“嗯呢。”
黎京棠手上的动作停了,又问:“你怎么来的?”
谢朗胡乱搪塞。
“我在门口路过,看到姐姐的车,就想着进来找你。”
“那你放我下来好吗?”黎京棠冷静下来,发觉方才的黑暗是因为他脱下外套蒙上了自己的眼睛。
“不放。
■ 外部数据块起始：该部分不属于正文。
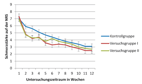 Zum Ende des Beobachtungszeitraumes nach 12 Wochen unterschieden sich die beiden Versuchsgruppen in der Schmerzintensität nicht mehr signifikant voneinander. Zum Messzeitpunkt NRS1 (T0) ist die quantitative Schmerzstärke in der Versuchsgruppe auf einem Niveau von p < 0.001. Ab NRS 3 (nach 3 Wochen) unterscheiden sich die Gruppen zu allen Messzeitpunkten erheblich voneinander. Die Patienten in den Versuchsgruppen geben signifikant weniger Schmerzen an als in der Kontrollgruppe. Dieser Unterschied ist für alle Messzeitpunkte konstant auf einem Niveau von p < 0.001 deutlich. Die Überprüfung der Mittelwertunterschiede erfolgte mittels T‑Test für unabhängige Stichproben.

”
谢朗单手将她抱离包厢,另一只手拎着她的包包和车钥匙。
对于一个年轻男人来说,90多斤的体重像是一个玩具挂件。
而且包厢里面太血腥了,她看到一定会害怕。
直至回到跑车里,黎京棠眼前这才恢复光明。
他较上午时候换了身衣服,但西裤上面却略有褶皱。
黎京棠坐在副驾驶上,看他阴着脸,娴熟地启动跑车,又问:“你抽烟了?”
谢朗下意识抿了下薄唇,方才下来时忘记嚼口香糖了。
“没有。”他说话时,阴郁神色淡了几分,还下意识往车窗方向偏头。
“方才和朋友们见了个面,他们抽烟来着。”
“哦。”
黎京棠没再问下去。
法拉利动力十足,平日里在她手中只当做代步车使用,甚至遇上早高峰,速度只能降到最低档。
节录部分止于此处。